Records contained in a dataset
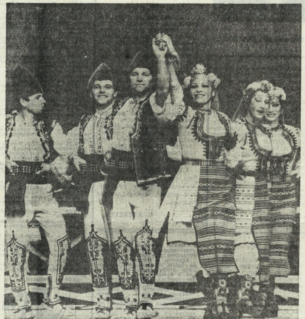
БОЛГАРИЯ. Государственный ансамбль песни и танца «Пирин» более тридцати лет. За это время творческий коллектив дал тысячи концертов в странах пяти континентов. Миллионы зрителей дружно аплодировали самобытному искусству. Секрет успеха артистов — в верности народным традициям, высоким мастерством исполнителей, тематическом многообразии репертуара.
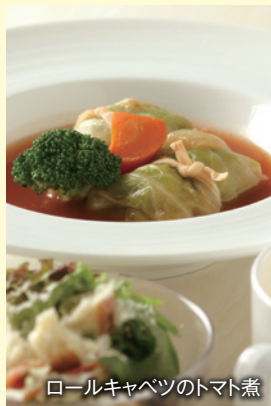
ロールキャベツのトマト煮
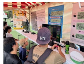
区民まつりでのeスポーツ体験
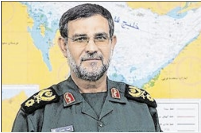
Israel matou comandante da Guarda Revolucionária
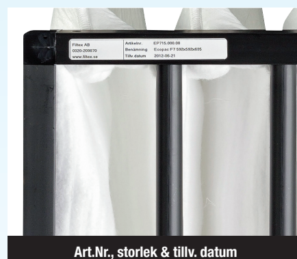
Art.Nr., storlek & tillv. datum
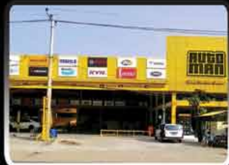
Thitsar Street Center
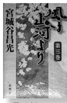
風は山河より 著 = 宮城谷昌光 全5巻(写真は第3巻) 【新潮社】

動乱の歴史を生きた三河の菅沼家を3代にわたって描く。野田城主・菅沼定則は、帰属先の今川家の新当主が凡庸なため、台頭著しい松平清康（徳川家康の祖父）につくことにするが…。
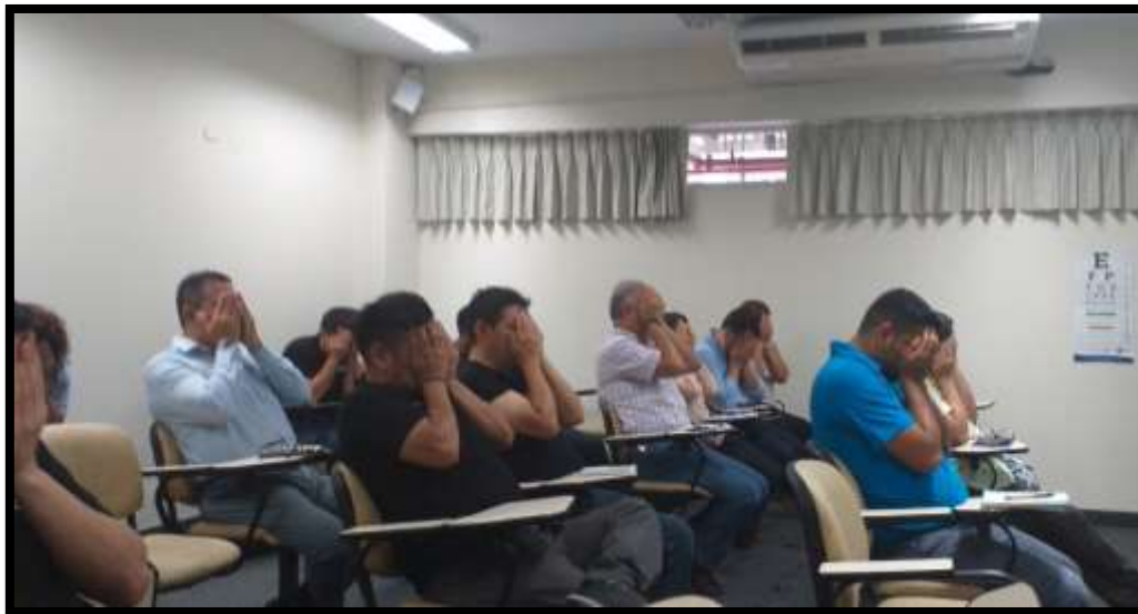
Realización de pausas laborales

Exercise prompt> Retype each line of the records exactly as it reads; no pictures belong in the copy.

Exercise solution>
БОЛГАРИЯ. Государственный ансамбль песни и танца «Пирин» более тридцати лет. За это время творческий коллектив дал тысячи концертов в странах пяти континентов. Миллионы зрителей дружно аплодировали самобытному искусству. Секрет успеха артистов — в верности народным традициям, высоким мастерством исполнителей, тематическом многообразии репертуара.
ロールキャベツのトマト煮
区民まつりでのeスポーツ体験
Israel matou comandante da Guarda Revolucionária
Art.Nr., storlek & tillv. datum
Thitsar Street Center
風は山河より 著 = 宮城谷昌光 全5巻(写真は第3巻) 【新潮社】

動乱の歴史を生きた三河の菅沼家を3代にわたって描く。野田城主・菅沼定則は、帰属先の今川家の新当主が凡庸なため、台頭著しい松平清康（徳川家康の祖父）につくことにするが…。
Realización de pausas laborales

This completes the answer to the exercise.